Statistical evaluation was performed by using Wilcoxon signed rank test for Figure 2 and Student's t-test for the data in Figures 3 and 5. Differences were considered statistically significant when P < 0.05.
Results
Animal weights and genistein intake
No weight difference was observed at any time in the different groups analysed (data not shown). Measurement of food intake confirmed that the animals were receiving the correct genistein dosages (data not shown).
Effects of genistein on urinary GAG
Figure 2 shows urinary GAG content in each animal before treatment (0) and at the end of the treatment (10 or 20 weeks).
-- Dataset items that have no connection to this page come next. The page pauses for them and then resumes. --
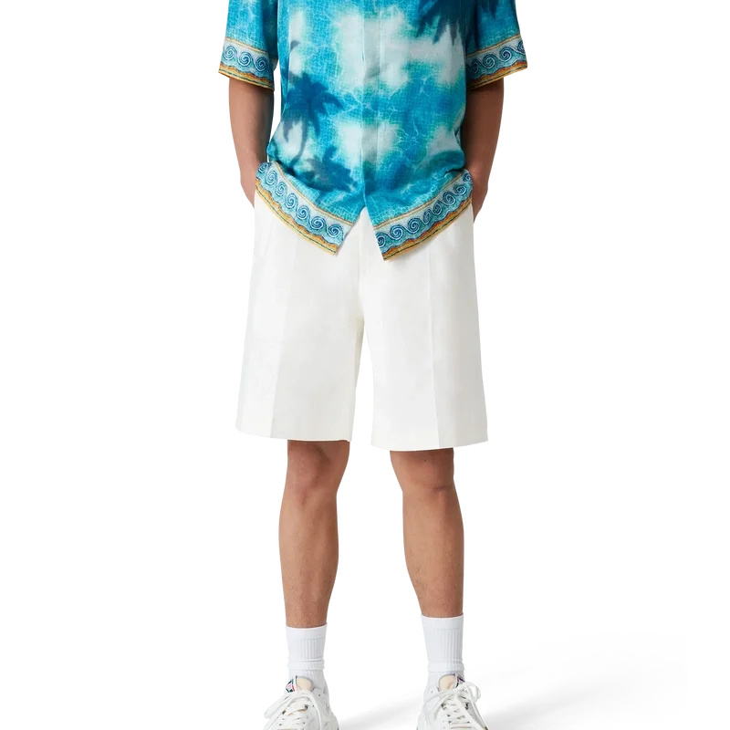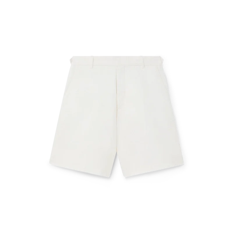 De linnen plooibroek heeft een getailleerd ontwerp en is gemaakt van een katoenmix. Afgewerkt met ritssluiting, verstelbare tailleband met in elkaar grijpende corozo-knopen en riemlussen, schuine zijzakken en achterzakken met klep en knoopsluiting.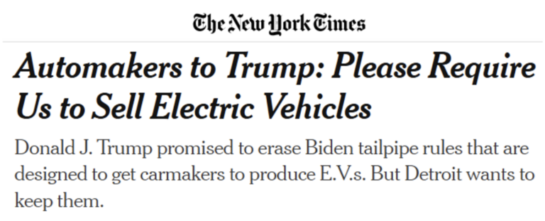 Here’s a pathetic but not entirely unexpected headline: The car companies that have gotten used to serving politicians instead of customers want to keep the … Continue reading Automakers Beg Trump to Keep EV Mandates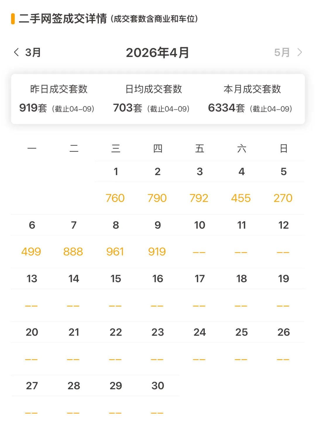 上海二手房最新成交量:昨日(4月9日)网签919套(含住宅、商业、车位等)。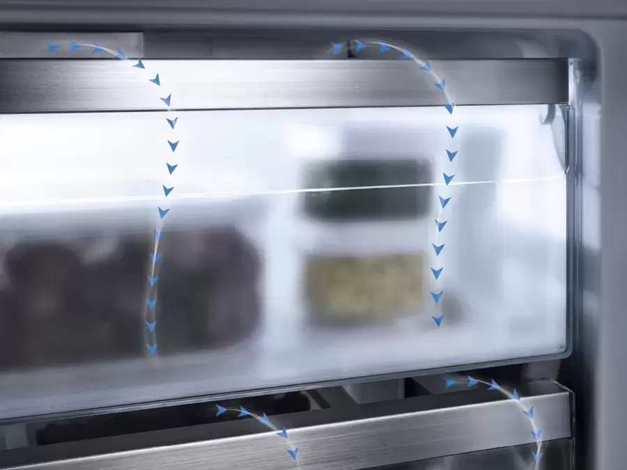 В холодильной камере предусмотрены три полки из безопасного стекла и отделение для бутылок, а также две полки на дверце. В зоне свежести расположены две полки/контейнеры. Все это позволяет эффективно использовать пространство и хранить продукты в оптимальных условиях. Система контроля влажности помогает сохранить свежесть продуктов на долгое время.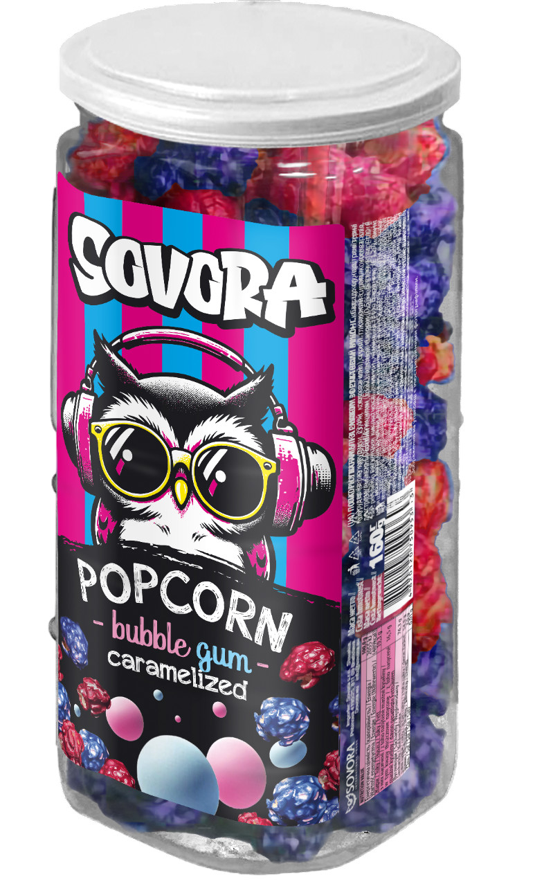 Nasaďte si jasnou sladkou chuť dětství s naším popcornem Sovora! Křupavá nadýchaná zrna s nepřekonatelnou chutí Bublle Gum — ideální svačina při filmech, oslavách nebo jen pro sladkou náladu. Praktické balení 160 g zachovává čerstvost a aroma, aby vás potěšilo kdykoli.
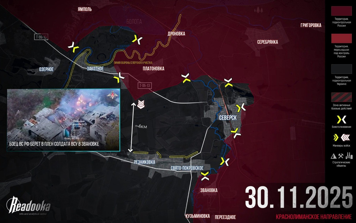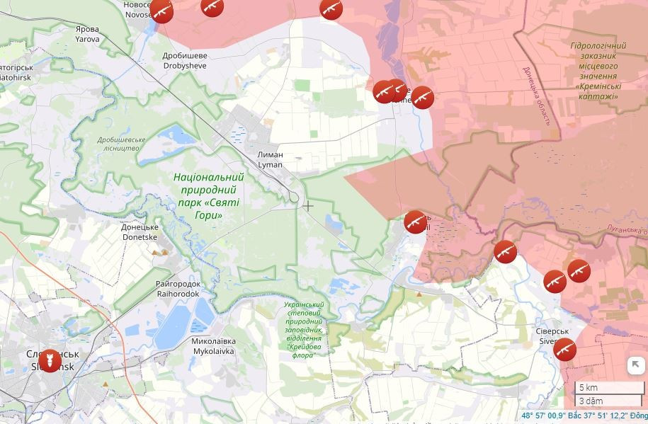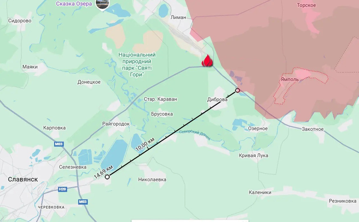 Quân đội Nga (RFAF), sau khi vượt qua tuyến phòng thủ kiên cố của Quân đội Ukraine (AFU) trên hướng Lyman (Nga gọi là Krasny Liman), đã giành được một đoạn mới của trục đường quốc lộ Lyman-Seversk. Đoạn đường này nằm ở phía tây nam của làng Yampol, nơi trước đó đã được RFAF kiểm soát, theo hướng làng Dibrova.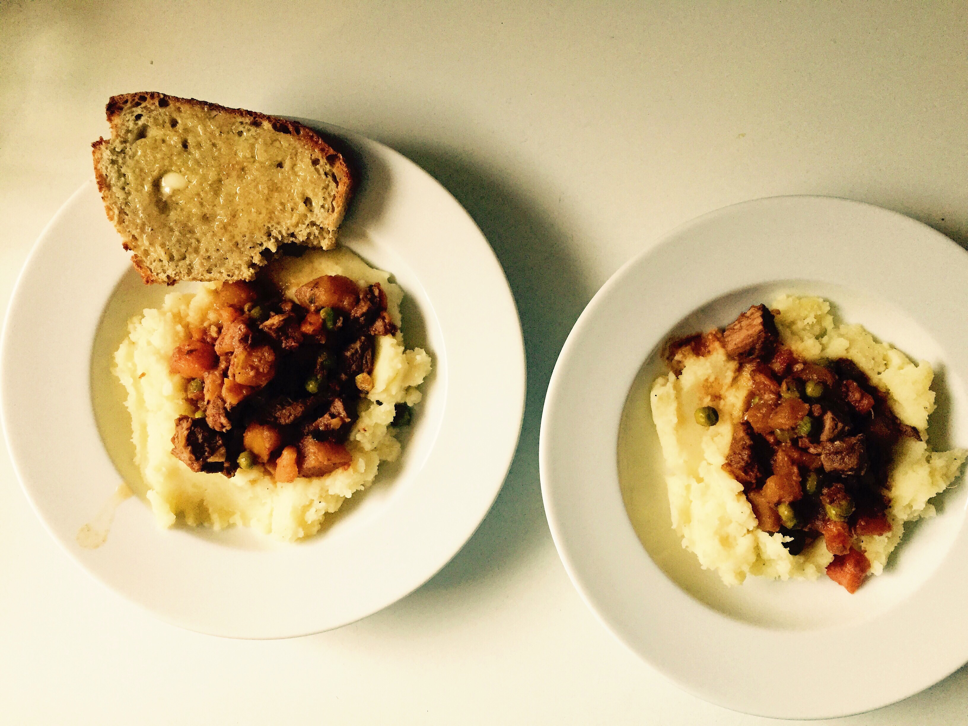 Everyday Bread. As you can see, I screwed this one up. The recipe is from Make the Bread, Buy the Butter, and it’s the easiest bread recipe I’ve ever read. You mix up the dough, divide it into two pans, let it rise for two-ish hours, and then bake it. You don’t knead it. I’ve made other no-knead breads before, but those have to sit around for half a day or more before you bake them. I didn’t know this sort of witchcraft, a no-knead bread with a short rise, was possible. You’re supposed to bake the bread in two loaf pans, but I’ve only got one left after losing two to mysterious circumstances, so I dumped the other half of the dough onto a sheet pan and roughly shaped it into a loaf. After 30 minutes of baking you’re meant to pop the bread out of the pans and return them to the oven for another 15 minutes or so. My loaf stuck horribly to the inside of the pan, and that’s why you see all its entrails exposed in this shot (still have Where the Red Fern Grows on the brain. Too soon?). In spite of my ham-fistedness, this bread still tastes pretty good! It’s moist, slices and toasts nicely, and tastes delicious with salted butter. George ate several slices of it, which is several slices more than any other kind of bread I’ve ever offered him. Still, I don’t know if it will become my everyday bread. It’s just a bit denser than I’d like.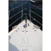 Aggressivo e raffinato, sportivo e grintoso, con linee e soluzioni di design sofisticate e aerodinamiche. È questa la prima impressione che si ha dell’Azimut 62. Su questa barca, com’è ormai tradizione nella produzione Azimut, le finestrature laterali, ampie per conferire la massima luminosità agli interni, riescono a caratterizzare in modo determinante il layout esterno, sia per la forma sia perché trattate a specchio. Il flying bridge appare estremamente filante, aerodinamico, oltre che caratterizzato un roll bar rialzato e posizionato centralmente. Inoltre, è dotato di prendisole, zona living modulabile, bar, con stazione di governo a sinistra. Il pozzetto è caratterizzato dalla presenza della passerella centrale, da un divano poppiero con accesso all’ampia e luminosa cabina marinai. Soluzioni estremamente funzionali rendono gli interni dell’Azimut 62 totalmente vivibili e personali. Infatti, al di là dell’estrema bellezza dell’insieme e degli arredi, scelta armatoriale di utilizzare il wrapping per dare un tono più moderno alla dinette e cucina, gli interni sono ricchi di particolari che, in tema di fruibilità, fanno la differenza. Il salone può essere sfruttato in due modi: con divani contrapposti oppure con divano a sinistra e mobile multi funzioni a dritta. L’area pranzo, con tavolo componibile al momento dell’utilizzo, può ospitare fino a otto persone. In cucina, un bel ripiano può servire sia da piano da appoggio che da passa vivande. La posizione del matrimoniale nella cabina armatore è obliqua, per una maggiore fruibilità del locale che, comunque, sfrutta l’intero baglio dello scafo a prua troviamo la cabina ospiti VIP con il proprio bagno en-suite e cabina armadio ed infine sulla dritta troviamo la cabina ospiti con bagno dedicato.

After 10 weeks' treatment, there was for six out of 10 mice fed genistein at 5 mg·kg−1·day−1, a decrease of urinary GAG, of up to 26% (Figure 2A). A more consistent reduction, that is, in all 10 animals, of up to 20%, was observed at 20 weeks (Figure 2B). With the higher dose of genistein (25 mg·kg−1·day−1), following 10 weeks of treatment, urinary GAG content was lower in nine out of 10 IDS-ko mice, reaching 37–47% decrease in four animals (Figure 2C). After 20 weeks (Figure 2D), all animals showed a reduced GAG content, up to 36% and 41% in two animals.
On average, the decrease with respect to the starting level was 11% and 24% for mice fed 5 and 25 mg·kg−1·day−1 following 10 weeks of treatment respectively (P < 0.05 and P < 0.005). At 20 weeks, the average decrease in urinary GAG was 17% and 25% for the animals treated with 5 and 25 mg·kg−1·day−1, respectively, and these changes did not reach statistical significance.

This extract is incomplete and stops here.